12-latek szantażował grożąc wybuchem bomby
Data publikacji 13.10.2006
Wczoraj przed południem w stan gotowości postawił krakowskich policjantów telefon od jednego z mieszkańców Krakowa. Mężczyzna powiedział, że właśnie przed chwilą odebrał telefon od nieznanej osoby, która stwierdziła, że w jego mieszkaniu jest bomba. Szantażysta dodał, że jeśli nie pozostawi pod drzwiami mieszkania 10 tysięcy złotych bomba wybuchnie.
W tym samym czasie trwały już czynności zmierzające do ustalenia szantażysty. Policjanci ustalili numer i właścicela telefonu (komórkowego), z którego dzwoniono. Numer był zarejestrowany na jedną z firm w Rzeszowie.
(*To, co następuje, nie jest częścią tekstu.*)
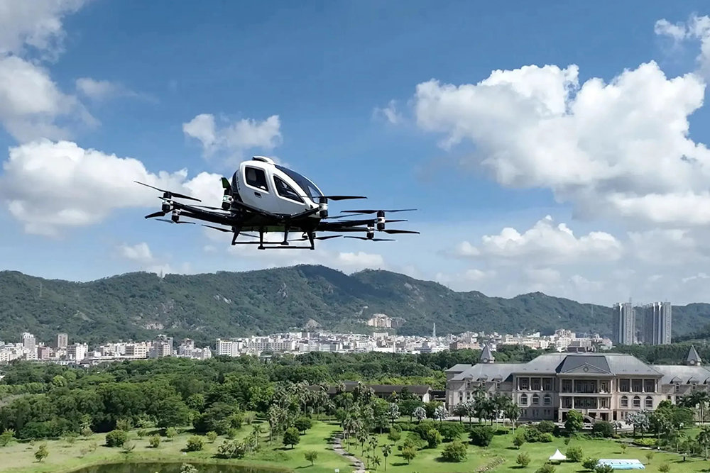 2016 оноос боловсруулж эхэлсэн нисэгчгүй нисэх аппаратыг долоон жилийн дараа ашиглалтад оруулжээ. Агаарын такси нь нэмэлт цэнэггүйгээр 30 км хүртэлх зайд хоёр зорчигчийг тээвэрлэх чадвартай, дээд хурд нь 130 км/цаг аж. Энэ нь Америкийн энэ төрлийн агаарын таксины үзүүлэлттэй харьцуулахад тийм ч өндөр биш ч гэлээ гагцхүү Хятадад энэ агаарын тээвэрт зөвшөөрөл олгож эхэлсэн гэдгээрээ анхдагч болж байгаа юм. АНУ болон Европт энэ төрлийн технологид зөвшөөрөл олгох ажлыг 2024 оноос эхлүүлэхээр төлөвлөж байгаа аж.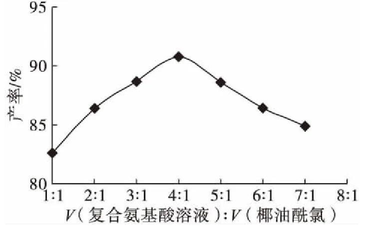 圖1復合氨基酸溶液與椰油酰氯體積比對產率的影響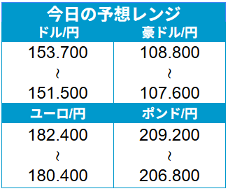 人気通貨ペア 本日の予想レンジ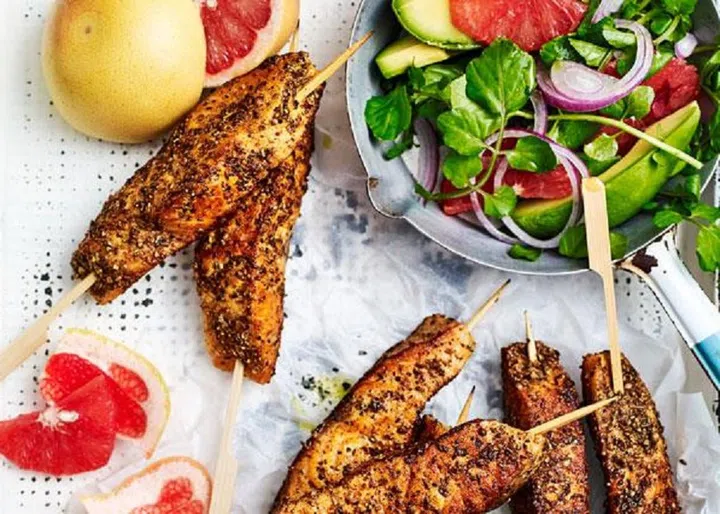The heady aroma of Indian spices from coriander, fennel to turmeric and cardamom will have you hooked on this unique salmon skewer recipe. If they ever get too intense, cleanse your palate with a citrus and avocado salad which comes with the refreshing crunch of watercress, plus sweet-tart grapefruit.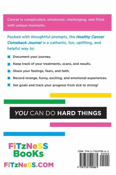The Healthy Cancer Comeback Journal is the perfect companion to Your Healthy Cancer Comeback: Sick to Strong. Cancer is complicated, emotional, challenging, and filled with unique moments. Packed with thoughtful prompts, you'll be able to keep track of your experiences in oncology, along with your thoughts, feelings, fears, faith, and facts about your care. Share your laughter, tears, hopes, strange side effects, and strawberry moments in this 300-page full-color book. You'll have the perfect place to document your strategies for health, fitness, exercise, nutrition, and progress on your way from sick to strong.

Do akcji wkroczyli policjanci z Podkarpacia – po dotarciu do firmy okazało się, że telefonem dysponował 12 letni syn właściciela. Chłopak w trakcie rozmowy potwierdził, że wraz z kolegą z klasy wpadł na pomysł takiego "żartu". Ustalane jest czy nieletni wykonali więcej takich "telefonów" i jakie były tego konsekwencje. Sprawa obu chłopców trafi do sądu rodzinnego.